#### What the exercise asks
A verbatim copy of the records is required, with all pictures left out.

Excerpts from a dataset:
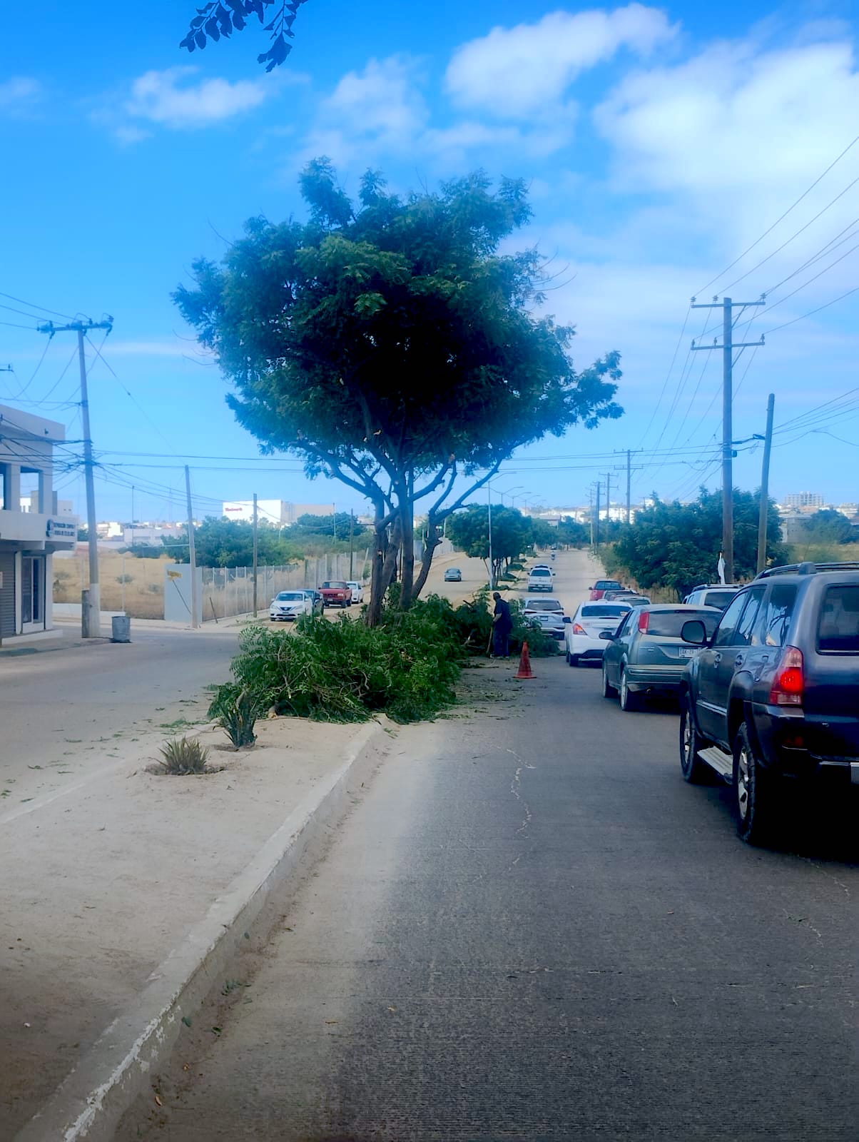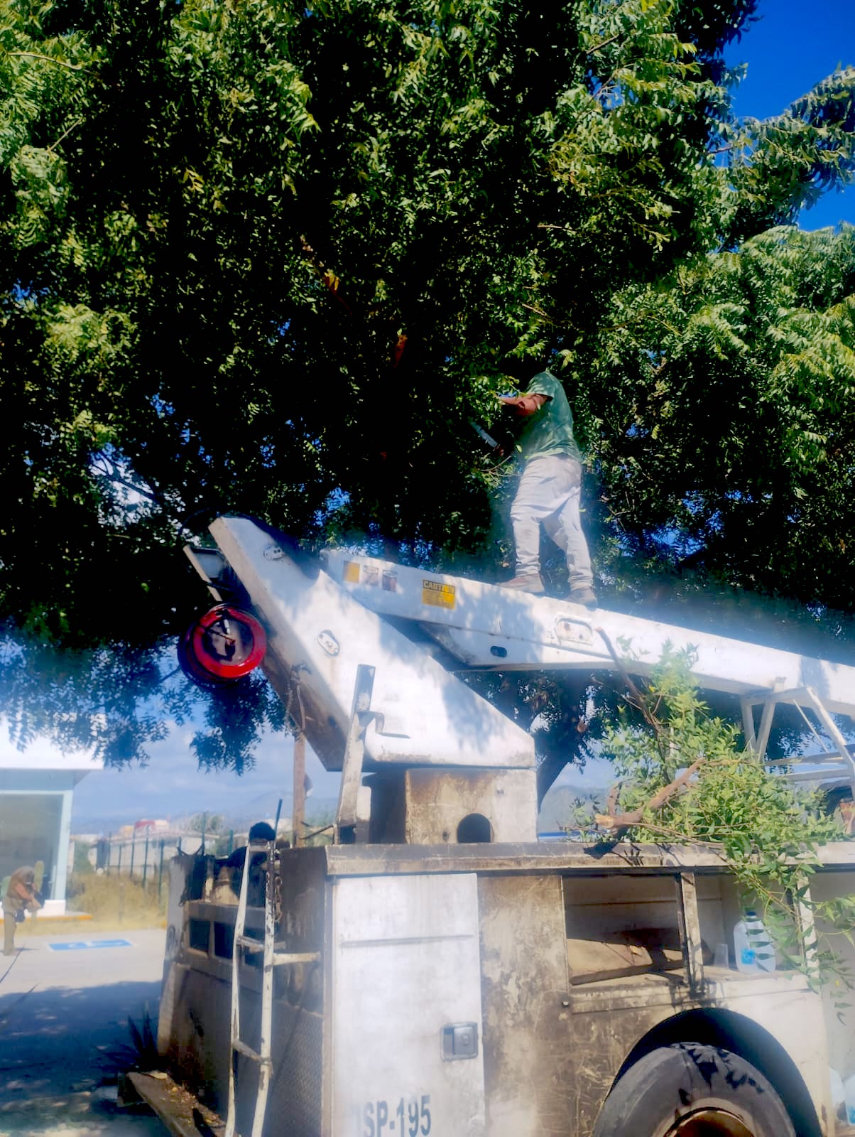 Como parte de estas acciones, se realizó la poda de 17 árboles en la avenida Chapultepec, así como el retiro del fruto de 7 palmeras de coco en la colonia Centro, labores que contaron con el apoyo de una grúa asignada al área para garantizar un trabajo seguro y eficiente.
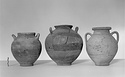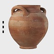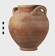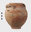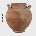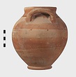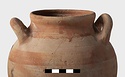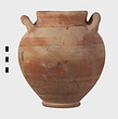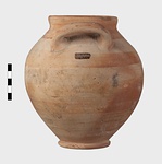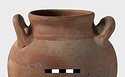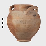 | Description: | Cracked, but intact save minor fractures. Low ring foot; wide mouth; two handles on shoulder. In handle zone, a wavy groove between horizontal grooves. Very dull reddish glaze on mouth, neck, tops of handles, and for broad bands on body. Brownish micaceous clay. Buff slip. | |
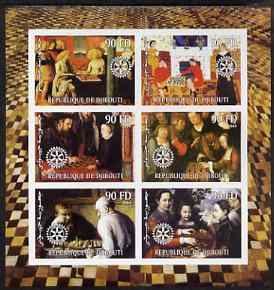 Djibouti 2004 Chess (Featured in old Paintings) imperf sheetlet containing 6 values each with Rotary Logo, unmounted mint
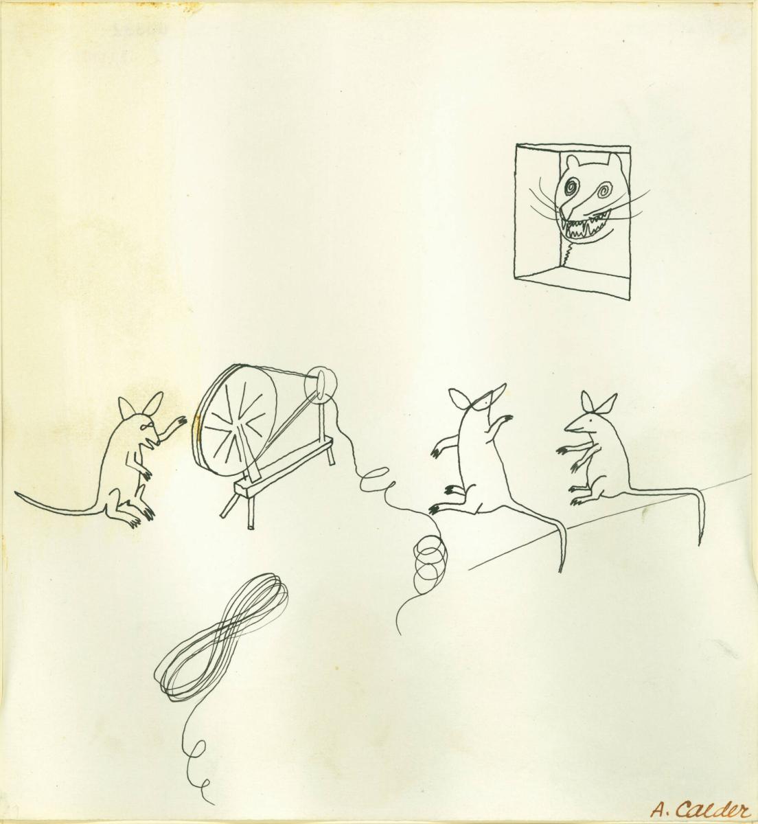 Not on viewAlexander Calder made a series of 85 drawings to illustrate Three Young Rats and Other Rhymes, a whimsical book of anonymous nursery-rhymes edited by James Johnson Sweeney and published by the dealer Curt Valentin in 1944. The artist’s playful and sometimes humorous interpretations of the rhymes are rendered in a simplified and continuous linear style. These compositions recall Calder’s imaginative wire sculptures, impressively formed out of single pieces of thin wire to resemble line drawings in three-dimensional space.
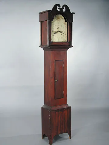 Wooden works with good original painted dial. Stained case. Hood having broken arch pediment. This clock, before taking out of a fine Augusta home, ha...
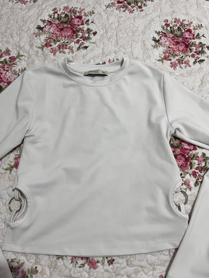detaylı, bisiklet yaka ve uzun kollu kız bluzu. Düz beyaz, sentetik kumaştan yapılmıştır ve bel kısmında zarif süslemelere sahiptir.
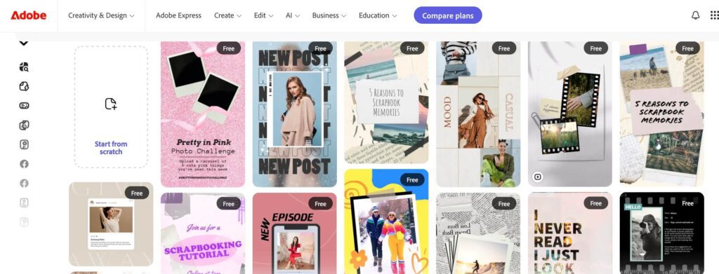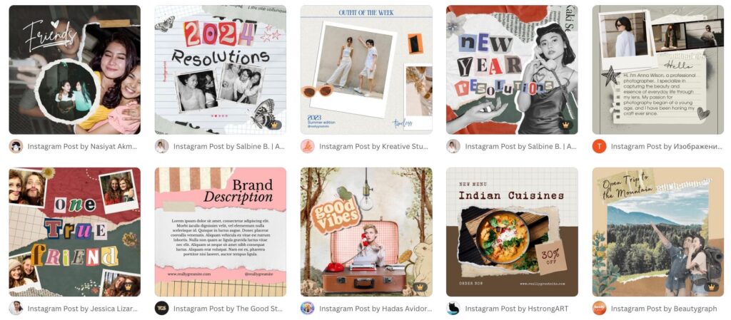 Besides, tools like Canva and Adobe make it easy to instantly create scrapbook-style designs or even inspire you with layouts. Here are some templates on the Canva and Adobe Express libraries respectively.
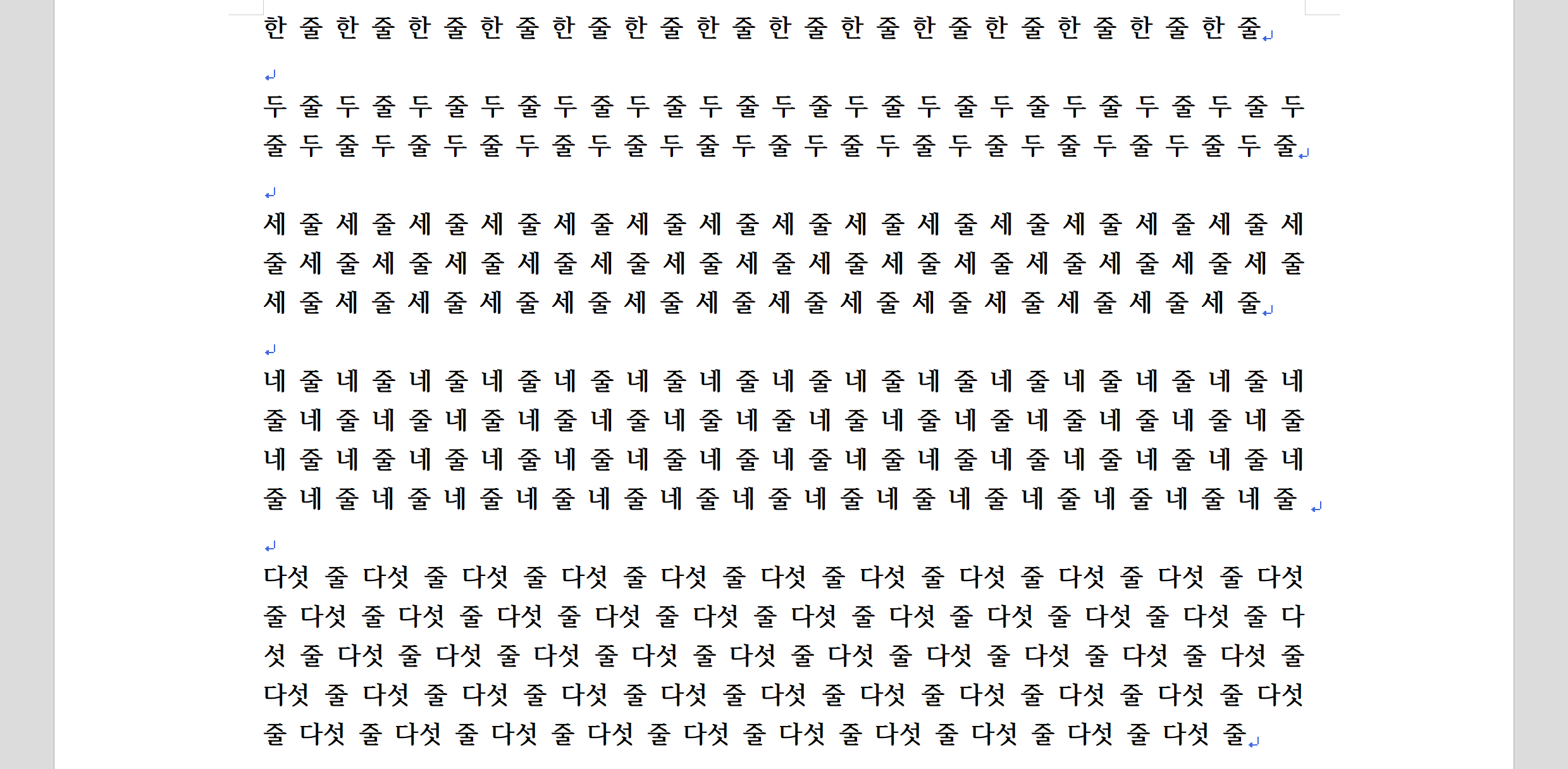 예를 들어 "세 줄"이라는 단어를 포함한 문단은 빈 줄을 포함해서 5번째 문단이지요.

#### Written solution
 Como parte de estas acciones, se realizó la poda de 17 árboles en la avenida Chapultepec, así como el retiro del fruto de 7 palmeras de coco en la colonia Centro, labores que contaron con el apoyo de una grúa asignada al área para garantizar un trabajo seguro y eficiente.
 | Description: | Cracked, but intact save minor fractures. Low ring foot; wide mouth; two handles on shoulder. In handle zone, a wavy groove between horizontal grooves. Very dull reddish glaze on mouth, neck, tops of handles, and for broad bands on body. Brownish micaceous clay. Buff slip. | |
 Djibouti 2004 Chess (Featured in old Paintings) imperf sheetlet containing 6 values each with Rotary Logo, unmounted mint
 Not on viewAlexander Calder made a series of 85 drawings to illustrate Three Young Rats and Other Rhymes, a whimsical book of anonymous nursery-rhymes edited by James Johnson Sweeney and published by the dealer Curt Valentin in 1944. The artist’s playful and sometimes humorous interpretations of the rhymes are rendered in a simplified and continuous linear style. These compositions recall Calder’s imaginative wire sculptures, impressively formed out of single pieces of thin wire to resemble line drawings in three-dimensional space.
 Wooden works with good original painted dial. Stained case. Hood having broken arch pediment. This clock, before taking out of a fine Augusta home, ha...
detaylı, bisiklet yaka ve uzun kollu kız bluzu. Düz beyaz, sentetik kumaştan yapılmıştır ve bel kısmında zarif süslemelere sahiptir.
 Besides, tools like Canva and Adobe make it easy to instantly create scrapbook-style designs or even inspire you with layouts. Here are some templates on the Canva and Adobe Express libraries respectively.
 예를 들어 "세 줄"이라는 단어를 포함한 문단은 빈 줄을 포함해서 5번째 문단이지요.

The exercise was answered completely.